1) It syncs with HSBC bank (we chose HSBC as it syncs with Xero)

2) It syncs with PayPal (we chose PayPal as it syncs with Xero)

3) Our accountants ( [http://ihorizon.co.uk/](http://ihorizon.co.uk/) ) use it
heavily

4) It has an API

My goal in choosing an accounting tool is to have visibility and
centralisation to ensure that the key people in the company have information
instantly about cash flow, assets, the books, etc. And it does all of this
really well.

The areas in which Xero is a PITA for anyone considering using it:

A) Expenses.

B) API limits.

C) Payroll

On expenses, the cycle is a long one and unfortunately expenses in Xero are
such a mess that our accountants urge us to use an Excel based spreadsheet
that we print and complete by hand, and then post to the accountant for
processing. Then the accountant summarises the expenses and enters it into
Xero. This sucks big time. One of our goals in choosing Xero is to ensure that
we can see all of our costs clearly. We want to be able to answer questions
like "How much are we spending on air travel?" and if expenses are summarised
we lose that insight. Expenses in Xero are non-editable, which makes them very
hard to fix when an employee enters in something wrong. We're not talking
about fixing the payment amounts as payments would have been made already, but
fixing categorisation, VAT (sales tax), etc.

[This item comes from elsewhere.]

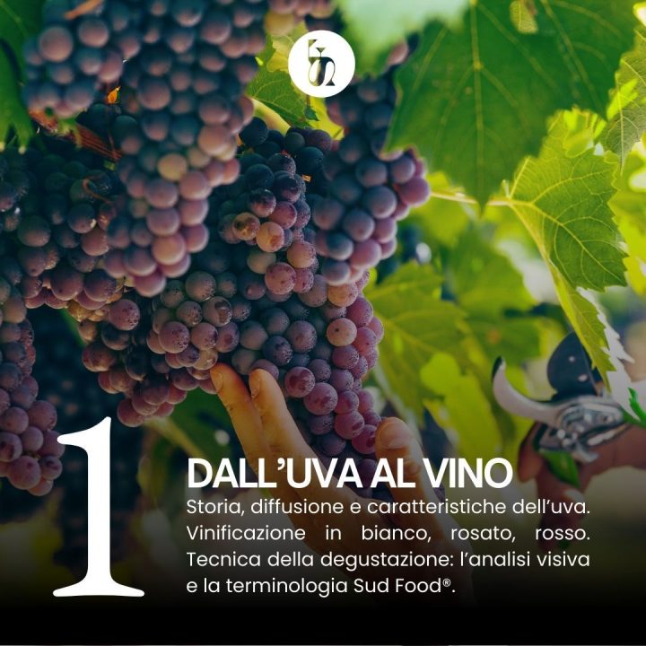 Il Corso di Avvicinamento al Vino di Sud Food® è il punto di partenza ideale per chi desidera esplorare il mondo del vino in modo semplice, pratico ed interattivo. Strutturato in 4 appuntamenti serali, questo corso introduce le basi della degustazione, della valutazione sensoriale e delle principali tecniche di servizio e conservazione.

On API limits one of the driving reasons to select Xero was to have the
capability for a company dashboard in which revenue, recurring revenue,
runway, etc is displayable on the single dashboard along with customer
metrics, operations information, etc. We even want to eventually have monetary
events in the company books charted "there was this spike of customers due to
this Slashdotting, that led to this operations load which in turn did this to
the revenue" (or not as is likely the case). The API limits are way too low to
be useful, to the point that right now we've not actually built it into the
dashboard. The limits are such that developing against the API isn't as
trivial as calling it and fetching the numbers, now we'd have to build our own
storage and design that schema, etc. It's gone from a quick extension to the
dashboard to a more significant piece of work.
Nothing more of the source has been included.